2.57. One individual said they had lost their job for taking time off in two successive weeks to move between temporary addresses (with no choice and little notice of the moving date). Another missed an interview when a hostel did not forward mail to a new address.

Impact on desistance

2.58. Overall, as found in previous research (pgh 1.10), there was a common view that housing issues made it less likely that people would stop offending. Many participants described a “vicious circle” of housing and other problems, reoffending and return to prison. Most individuals said they had committed offences directly or indirectly as a result of their housing circumstances, and many said they had done so to be returned to custody.

2.59. Many staff and individuals believed that housing problems often meant that people found prison preferable to being in the community, having shelter, warmth, food, company, facilities, safety, and security they may not otherwise have. Many examples were given by prison staff and individuals of people who had had committed further offences because they could not cope with independent living (e.g. having had difficulties with household, financial or tenancy management).

2.60. Several individuals and staff stated that housing issues often led to loss of contact with other services, making it difficult to address other problems that might contribute to reoffending (e.g. addictions; mental health; lack of money). A few individuals said they had been so focused on housing issues that they had not engaged with other services in prison. Some described losing touch with services on, and following release (e.g. in temporary accommodation, or when living a long way from support). Staff gave examples of difficulties in contacting people who were sleeping rough, or in unstable accommodation.


2.61. This chapter has summarised participants’ views of the housing issues people who serve short sentences may face and the types of support they need to address these.

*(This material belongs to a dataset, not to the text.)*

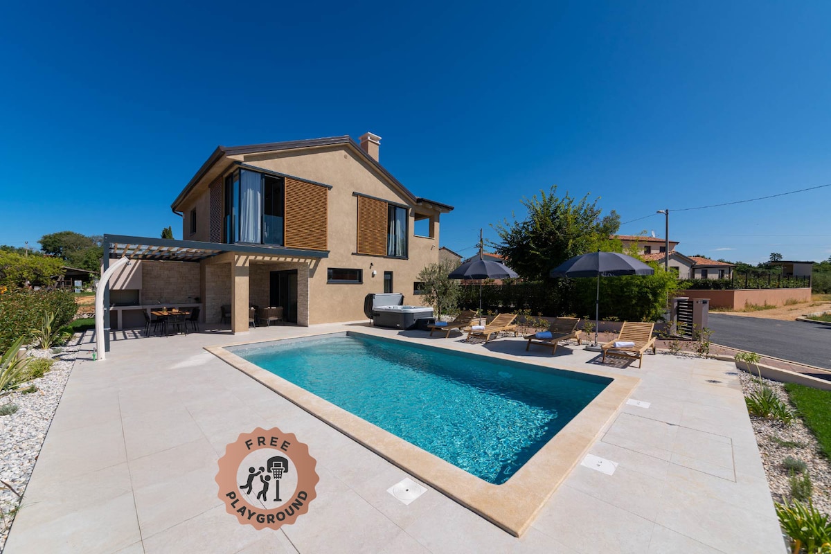 Luxury apartment GioAn, in Novigrad, 7 minutes walking distance from the beach, close to the city center and all facilities such as supermarket, pharmacy, fish market, restaurants.. 2 bedrooms, bathroom, living room (with sofa bed), fully equipped kitchen (microwave, blender, espresso machine, oven, dishwasher, toaster, kettle, fridge, freezer, wine fridge), front covered terrace (with all el. blinds) with outdoor kitchen, BBQ area, private heated Jacuzzi. *BREAKFAST IS OPTIONAL (EXTRA SERVICE)

2.62. On imprisonment, this includes support to: keep or give up existing accommodation; secure property and possessions; and make arrangements for dependents. During a sentence and approaching release, this includes support to: respond to changing housing circumstances; develop independent living skills; make financial arrangements; and identify accommodation for release. On, and following release, this includes support to: obtain, move in to and sustain accommodation; respond to changing housing circumstances; and access other services and support.

2.63. Housing issues which were not resolved could have a negative impact on getting and keeping accommodation, and on health, employment and desistance.